I think I might have oversold my academic credentials. I flunked out of my PhD program and I day labor as an adjunct. I have my little islands that are my classes, but I’ve never had to deal with the more difficult challenges of thinking about a wider curriculum.  My experience with students is that they’ve never had a creative writing teacher seriously read and line-edit their work. So that’s what I do, I respond to their sentences. I show them the innards of their stories.  Whatever else I say about the workings of the epistolary novel and Genette’s narrative theories is pub trivia.

For me, nothing approaches the sensation of traversing through a novel. Whatever I feel, which is not insignificant, while watching The Wire or listening to Chavela Vargas is only a faint mark on the Richter scale compared to what Geek Love or East of Eden do to me.  For this reason, I feel a little treasonous when I say that my primary influences are rarely literary.  The People of Paper is much more indebted to the The Queen Is Dead, Goya, and Carlos Marcovich’s Who the Hell Is Juliette? than it is to any novel. My sense is that you alleviate some of the anxiety of influence by crossing mediums. If the Miltonic weight is too much on you, maybe what you need is some Bach in your Walkman.

Q: Finally, looping back a ways to your first response, I’m wondering how you mediate the success of your first book with writing new material. What do you do with the pressure of audience expectation? Do you have another book currently in the works?

The People of Paper took almost a decade to write. At least five hours of the day and fevered weeks where I left the house only for my compulsory run. The People of Paper was the novel of my youth. It was written with a metabolic fire that I will never have again. That level of recklessness, commitment, and complete disregard for everything that was not the novel is not something I can repeat.

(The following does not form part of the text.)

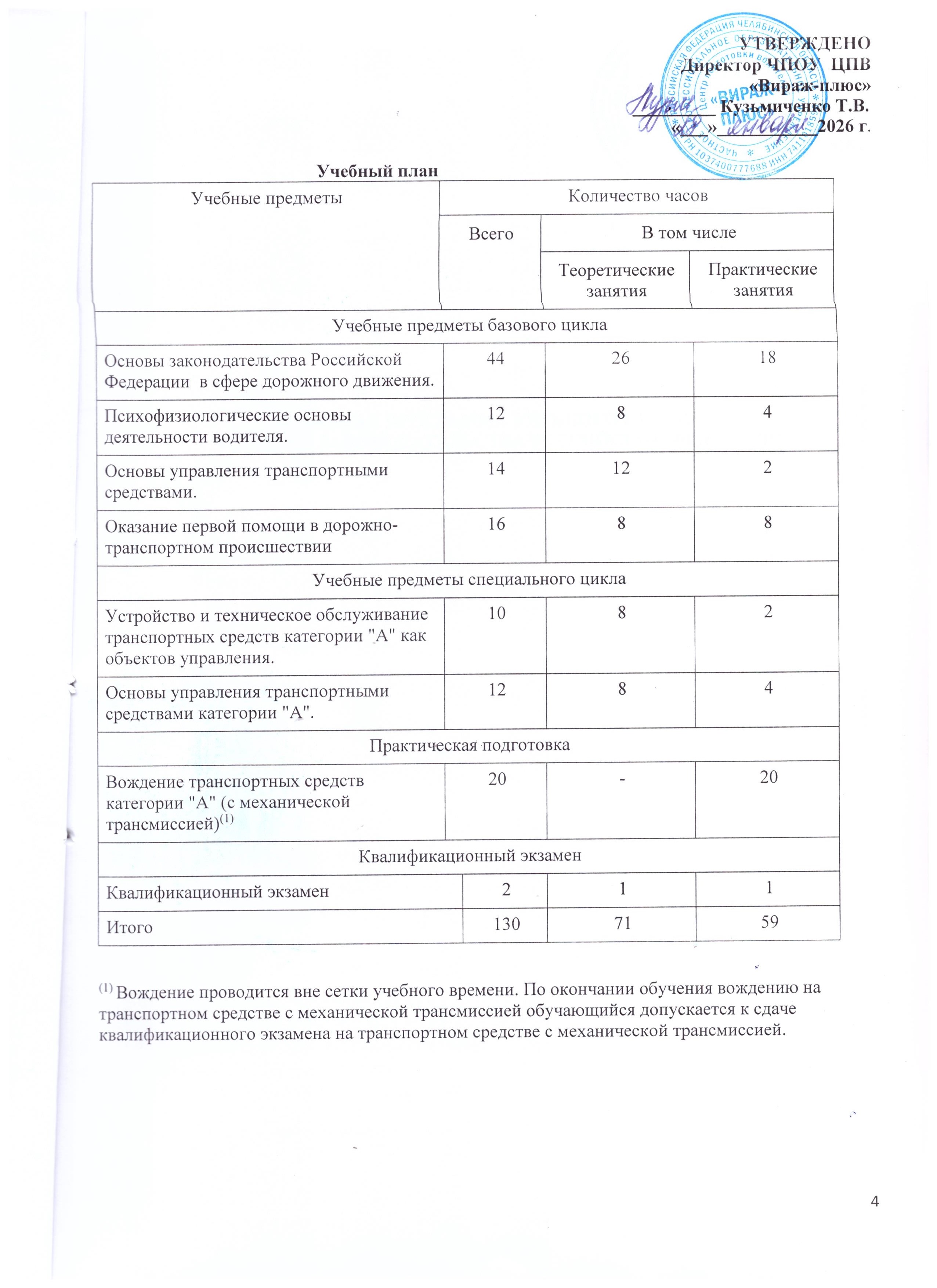 Численность обучающихся по реализуемой образовательной программе профессиональной подготовки водителей транспортных средств категории «А» с механической трансмиссией по договорам об образовании за счет средств физических и (или) юридических лиц составляет 59 человек.

There’s this idea that as you work through a book you come out at the other end a wiser artist with a stronger cardiovascular system. Instead, I felt even more illiterate than when I began and my sentences eked out even slower.  I felt like Alberto Salazar after the Boston Marathon, victorious and done, but destroyed.

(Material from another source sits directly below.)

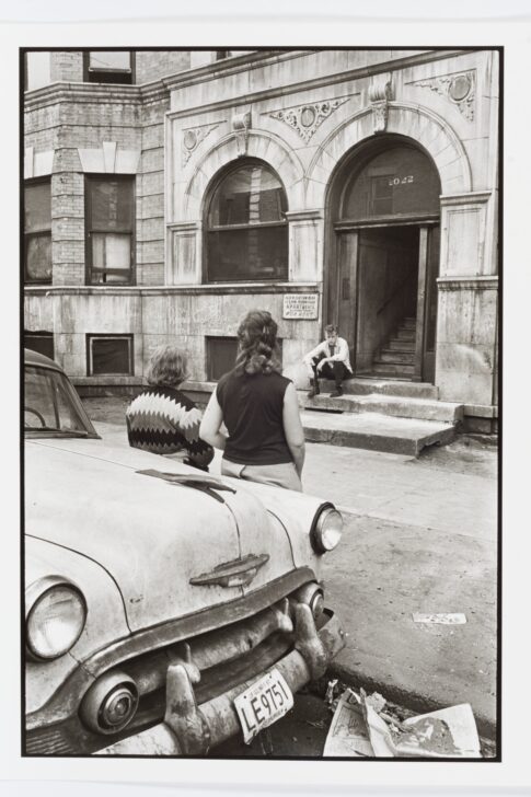 With their backs to the camera, two people lean against a dirty car with Illinois plates. A young man in an unbuttoned shirt looks towards them from the steps of a nearby building.
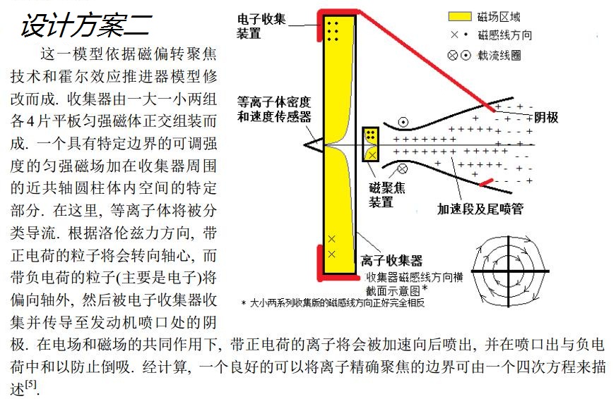 這一事實(shí)讓我想起了使用的離子推進(jìn)器的衛(wèi)星, 如SMART和DAWN衛(wèi)星等. 離子推進(jìn)器的廣泛應(yīng)用說(shuō)明了人類在短距離小空間內(nèi)加速離子的技術(shù)日臻成熟. 這也同時(shí)讓我考慮到一個(gè)新的模型——融合傳統(tǒng)離子推進(jìn)器和沖壓發(fā)動(dòng)機(jī)的設(shè)計(jì), 讓等離子體代替空氣進(jìn)入進(jìn)氣道, 然后使用電場(chǎng)和磁場(chǎng)來(lái)加速, 以取代化學(xué)燃料的燃燒. 這就是我的想法的概述.

I took a few years off after The People of Paper and only recently put a real push behind the second book. This is a really long way of saying that I don’t feel an anxiety about the audience. What I feel is an uncertainty about my ability to write without letting everything else fall apart. I think Novel No. 2 will be done in a year. We’ll know then.

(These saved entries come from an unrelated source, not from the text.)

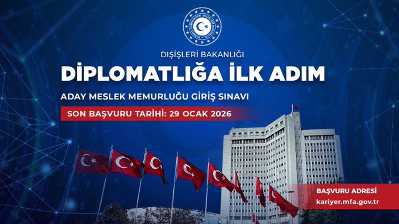 T.C. Dışişleri Bakanlığı tarafından yayımlanan duyuruya göre, Aday Meslek Memurluğu Giriş Sınavı başvuruları devam ediyor. Diplomat olmak isteyen adaylar için başvurular 16 Aralık 2025 Salı günü saat 14.00’te başladı.
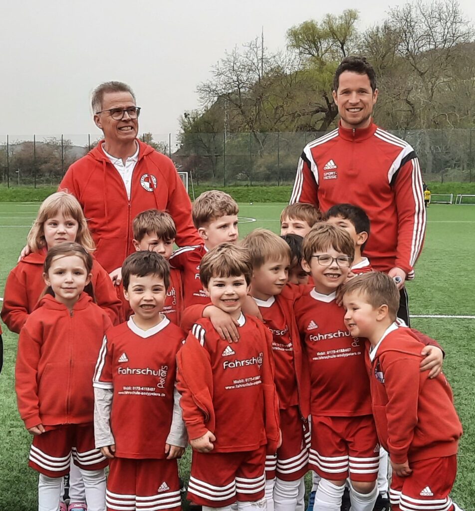 2022 Juni: F-Jugend mit neuen Trikots. Trainer Frank Kotthoff, Betreuer Patrick Harth.
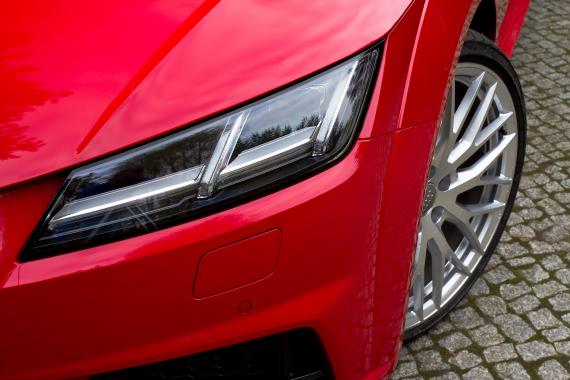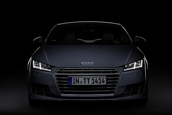 Z przodu nowego Audi TT dominują linie poziome. Pojedynczo obramowana osłona chłodnicy Singleframe jest szeroka i płaska. Połączone ze sobą wloty powietrza ustrukturyzowano przy pomocy listew. Listwy oddzielające porządkują także reflektory, w których wyraźnie wydzielono światła do jazdy dziennej. Opcjonalnie Audi dostarcza reflektory diodowe lub reflektory diodowe Matrix LED. W przypadku tego drugiego rozwiązania, światło drogowe pochodzi z pojedynczo sterowanych, małych diod. W kierunkowskazach ze zdynamizowanym sposobem sygnalizowania sygnał świetlny przebiega zawsze od środka na zewnątrz, w kierunku skręcania, co jest dodatkową wskazówką dla innych uczestników ruchu.
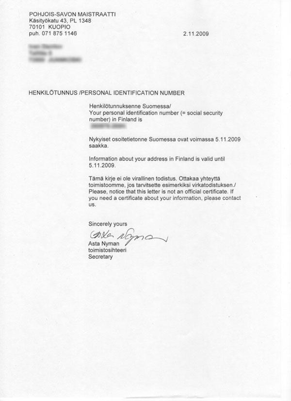 ЗЫ А как получить "рулон" из маистрата с henkilötunnus'ом?

SALVADOR PLASCENCIA is an American writer, born in Guadalajara, Mexico. He is the author of the cult favorite The People of Paper (McSweeney’s, 2005), which was named a Best Book of the Year by The San Francisco Chronicle, The Los Angeles Times, and The Financial Times. The People of Paper has been translated into a dozen languages and been widely anthologized and adopted in Chicano/a, Postmodern, Creative Writing, and Design courses throughout the country. His writing has appeared in McSweeney’s, Lucky Peach, Tin House, and The Los Angeles Times. He holds a BA in English (Whittier College) and an MFA in Creative Writing (Syracuse University). He is the recipient of the Bard Fiction Prize and a Moseley Fellowship. He lives in Los Angeles, where he is currently completing a novel about shapeshifters and a waning ocean.